PROFIT warnings from Scottish companies have surged as global economic uncertainties, market instability and the slump in the oil price put pressure on listed businesses.
Six alerts were issued by firms headquartered north of the Border in the third quarter, representing 60 per cent of the current total for 2015, according to the latest EY profit warnings report, published today.
Across the UK, quoted companies issued 79 warnings in the three months to the end of September, a third more than the previous quarter when there were 57 – marking the biggest percentage increase in almost four years.
Profit warnings from the FTSE travel and leisure sector hit their highest level for almost eight years, according to the accountancy giant’s report.
Global growth concerns and market instability hit earnings forecasts this summer as China wrestled with its economic transition and US interest rates moved back onto the agenda, EY noted.

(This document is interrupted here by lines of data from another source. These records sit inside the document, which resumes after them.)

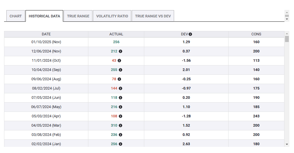 Apart from the headline figure, the employment component is of importance toward the Nonfarm Payrolls report on Friday. There is a noteworthy correlation between this component and hiring.
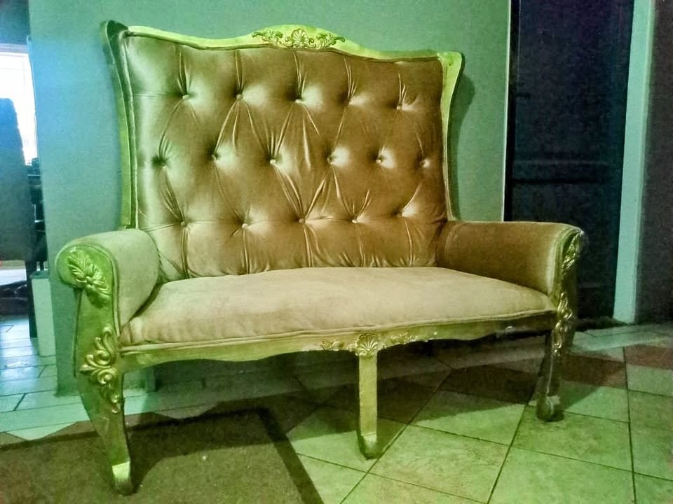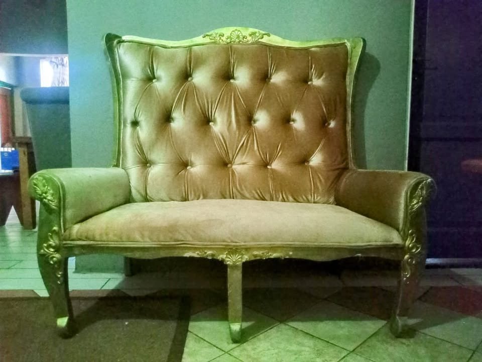 Highback two seater golden sofa. Very good condition. Collectors item.
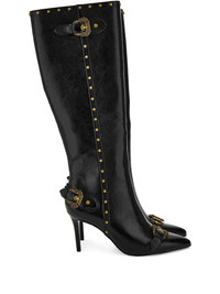 buckle-detail studded knee-high boots Highlights - Black - Leather - Buckle detailing - Stud embellishment - Pointed toe - Stiletto heel Imported Composition Outer: Polyurethane 100% Sole: Polyurethane 100% Lining: Fabric 100%
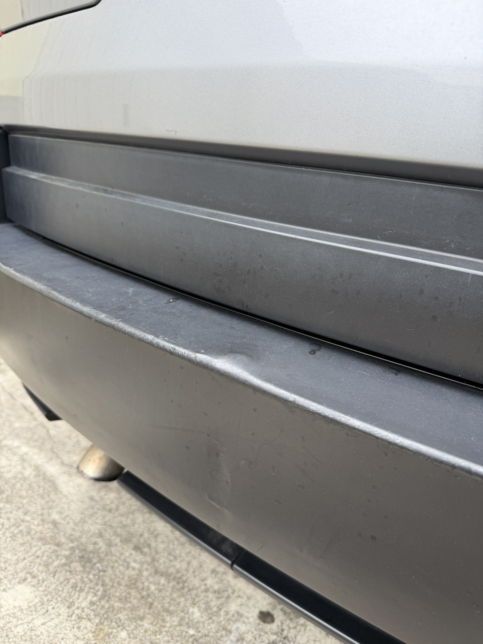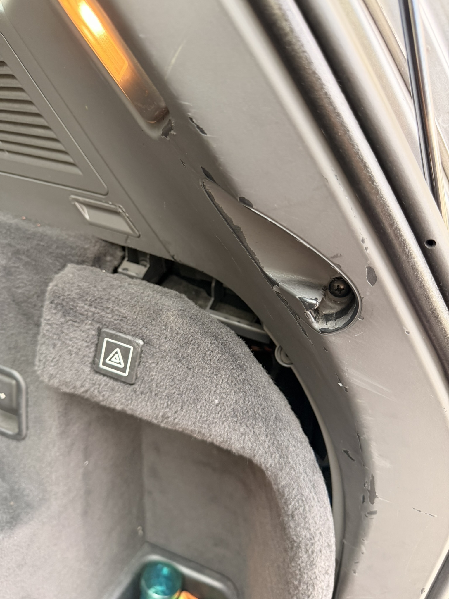 A pega para abrir o fundo da mala do carro também está partido e não fecha totalmente.
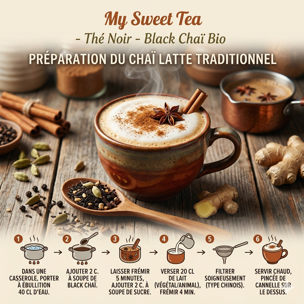 Déguster un chaï latte authentique, riche et épicé, comme au cœur des maisons de thé traditionnelles.
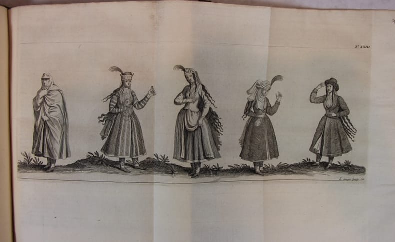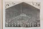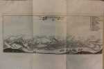 Cette édition est ornée de 79 gravures hors texte dont 51 dépliantes, de 2 frontispices et de 4 vignettes en tête. Amsterdam, aux dépens de la Compagnie, 1735. 4 tomes en 2 volumes in-4 de : I/ (7) ff., 390 pp., (1) f. bl., (2) ff., 359 pp, 1 frontispice, 61 planches, 2 cartes et 2 vignettes dans le texte ; II/ (3) ff., 437 pp., (3) ff., 324 pp., (15) ff., 1 frontispice, 16 planches et 2 vignettes dans le texte. Veau fauve mosaïqué, plats entièrement ornés d’un double encadrement mosaïqué alternant veau brun et veau fauve avec panneau central plus foncé, le tout souligné de roulettes et fleurons estampés à froid, filet doré d’encadrement, dos à nerfs richement ornés, tranches mouchetées. Reliure anglaise de l’époque. Marques d’appartenance de deux bibliothèques sur les feuillets de titre. 247 x 195 mm.

Many industries are also being buffeted by “disruptive forces”, leaving businesses struggling to generate returns from the new digital economy.
Colin Dempster, head of restructuring at EY in Scotland, said: “Six is a significantly high number of profit warnings in one quarter compared to historical averages. As well as the factors affecting the UK, the slowdown in Scotland’s north-east, for so long a real engine of growth, is starting to impact the broader Scotland picture.
“The key word here is confidence and when that starts to erode, consumers vote with their feet.”
He added: “The outlook for Scotland is mixed. We can expect a continuance of the low oil price to have a wider effect in 2016.”